Performance was scored as recall (fraction of Bandit’s M/H findings the model also caught, with partial credit) minus a false-positive rate, giving a composite from -1 to 1. Every cell came out negative:
| Model | Beaverhabits (R / FP / Comp) | Fail2ban | Yum |
|---|---|---|---|
| gemma3 | 0.25 / 0.88 / -0.62 | 0.00 / 0.80 / -0.80 | 0.00 / 0.89 / -0.89 |
| llama3.1 | 0.25 / 0.46 / -0.21 | 0.03 / 0.40 / -0.37 | 0.00 / 0.59 / -0.59 |
| qwen2.5 | 0.25 / 0.28 / -0.03 | 0.01 / 0.14 / -0.12 | 0.00 / 0.40 / -0.40 |
The dominant failure mode was hallucination. The where field — the file and line range of each issue — was frequently fabricated, pointing at non-existent files or locations. Only the separately-captured filename let the researchers analyze the output at all. The models also misread normal engineering patterns as vulnerabilities: a .env / dotenv setup flagged as hardcoded production secrets, standard-library constants like calendar.MONDAY flagged as secrets, license headers and Python dunder methods flagged as injection. qwen2.5 was the least bad (fewest false positives); gemma3 the worst. The authors note that closed or specialist models with better prompting might score higher — but the magnitude of the gap suggests the problem is structural, not a prompt-tuning artifact.
Why it matters
This is the defensive mirror image of recent agentic-vulnerability work like Code-Augur and long-horizon bug-hunting benchmarks: when you strip away the scaffolding and just point an off-the-shelf model at a codebase, it underperforms a 1990s-style pattern matcher. The danger isn’t that the agent finds nothing — it’s that it produces fluent, confident output that is mostly noise, encouraging developers to “fix” non-issues while real findings get buried. That false confidence is its own risk surface, and it compounds the trust problems already documented around coding-LLM usability and AI-introduced code defects. Speed makes it worse: Bandit cleared each repo in under a minute, while Snitch took one to four hours per repo (~672 LLM calls, 10-12 hours total).
Defenses
For teams weighing an LLM agent as a security scanner, the practical takeaways:
- Keep the deterministic tool as the source of truth. Rule-based SAST (Bandit, Semgrep, CodeQL) is fast, reproducible, explainable, and CVE-linked. Treat the LLM as an optional second pass, never the gate.

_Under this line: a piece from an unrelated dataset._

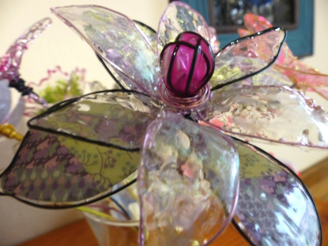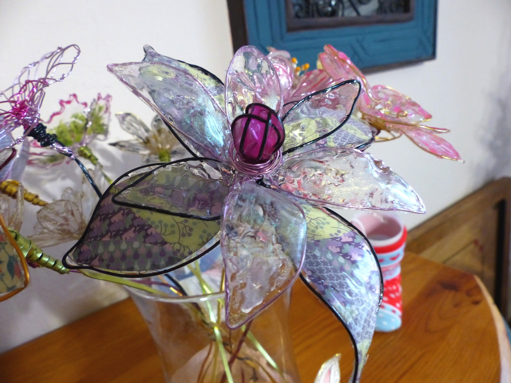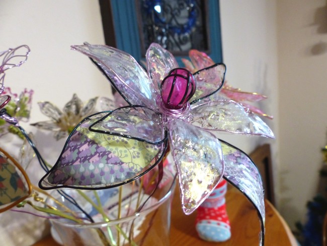 Grande fleur en résine au coeur rose, composée avec du fil alu noir souple . Quelques pétales réalisées en papier origami patchwork dans les tons de mauve et autres pétale en transparence...

- Never trust an LLM’s line numbers. The
wherefield hallucinated routinely; any agent finding must be re-anchored to the actual source before a human acts on it. - Expect a flood of false positives. Tune for the
.env/dotenv, constants-as-secrets, and comment/license patterns the study saw — or you will train developers to ignore the tool entirely. - Score before you adopt. Reproduce the paper’s cheap metric — recall and false-positive rate against a vetted baseline on your code — rather than trusting a vendor demo.
- Use LLMs where they’re actually strong. Notably, the researchers used Claude to generate the cross-referencing script that parsed the noisy output — LLM-as-assistant to a deterministic pipeline, not LLM-as-scanner.
Status
| Item | Reference | Date | Notes |
|---|---|---|---|
| Empirical assessment | arXiv:2606.11672 | 2026-06-10 | Snitch agent vs Bandit, 224 files / 101,816 LOC |
| Models tested | gemma3, llama3.1, qwen2.5 (via Ollama) | 2026-06-10 | All general-purpose open-weight models |
| Best composite | qwen2.5 | 2026-06-10 | Still negative on all three repos |
| Baseline tool | Bandit (PyCQA) | — | Rule-based Python SAST, CVE-linked |
The takeaway: in mid-2026, a general-purpose open-source LLM agent is a poor substitute for a deterministic SAST tool — high false positives, fabricated locations, and hours of runtime. The useful pattern is the inverse of the hype: let proven tooling do the detection, and let the model assist with triage and explanation under human review.